Perches and Sardina were both under thirty years old at the time of the robbery and enrolled as veterinary students at the National Autonomous University of Mexico (UNAM). They were from upper-middle-class families and living in Jardines de San Mateo and Ciudad Satélite in Naucalpan, northwest of Mexico City.

They visited the museum about fifty times during the six months prior to the theft. During these visits, they studied the museum layout, learned the surveillance patterns, took photos, made sketches, and learned the value of certain pieces. Perches and Sardina originally planned the heist for New Year's Day, but changed their plans when they learned the museum planned to repair the museum's air conditioning system.

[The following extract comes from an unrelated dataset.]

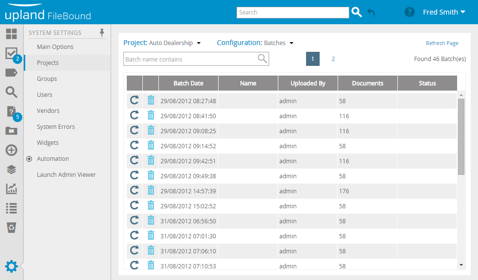 3. Select Batches in the Configuration list.

On the night of Christmas Eve, December 24, 1985, Perches and Sardina spent the holiday with their families before putting on black clothing and leaving to meet up. They arrived at the museum in Perches's Volkswagen sedan, sometime around 1 a.m., jumped over the fence that borders Paseo de la Reforma, and entered through an air conditioning duct into the museum. Sources vary on the exact time the pair spent inside the museum. The BBC stated that, according to a report from the Attorney General's office, the robbery started at 1 a.m. and lasted three hours, while The Washington Post, in an article from 1989, stated that the robbery started after 2 a.m. and took thirty minutes. While inside, the two men opened seven glass display cases in three exhibition halls. The National Museum of Anthropology initially reported the theft of 140 pieces, but later revised the total to 124 stolen objects. (The discrepancy was a result of the lack of a precise inventory at the time of the theft.) The stolen artifacts included 94 gold objects and others made of jade, turquoise, green stone, shell, and obsidian. They included objects from the sacred cenote of Chichén Itzá, more than 60 Mayan pieces from the Temple of Palenque, gold jewelry from the Mixteca room and the famous mask of the Zapotec Bat God, among others. According to Felipe Solís, a curator of the National Institute of Anthropology and History (INAH), the black-market value of just one of these pieces (the Aztec obsidian vessel in the form of a monkey) was 10 billion pesos (or $27 million USD) at the time of the robbery.

The security personnel were supposed be patrolling the 161,000 square feet of the 26 rooms every two hours, but failed to do their job because they were all in one location of the museum, celebrating Christmas. Cookies and glasses with liquor residue were later found in the museum. Perches and Sardina escaped from the museum in the Volkswagen with the artifacts, keeping them in Perches's house in Jardines de San Mateo, Naucalpan. The theft was discovered during the changing of the guards at 8 a.m. on December 25.

== Aftermath ==
An investigation started with the cooperation of the immigration department, personnel from the General Directorate of Customs, workers from the country's airports, Interpol, and more than thirty people who were tasked with solving the case. Mexican prosecutors also detained and interrogated the nine police guards assigned to the museum on the night of the theft. Additionally, the Association of Friends of the National Museum of Anthropology raised 50 million pesos to be given as a reward to anyone who could provide information that would lead to the recovery of the pieces. (The reward was never distributed.)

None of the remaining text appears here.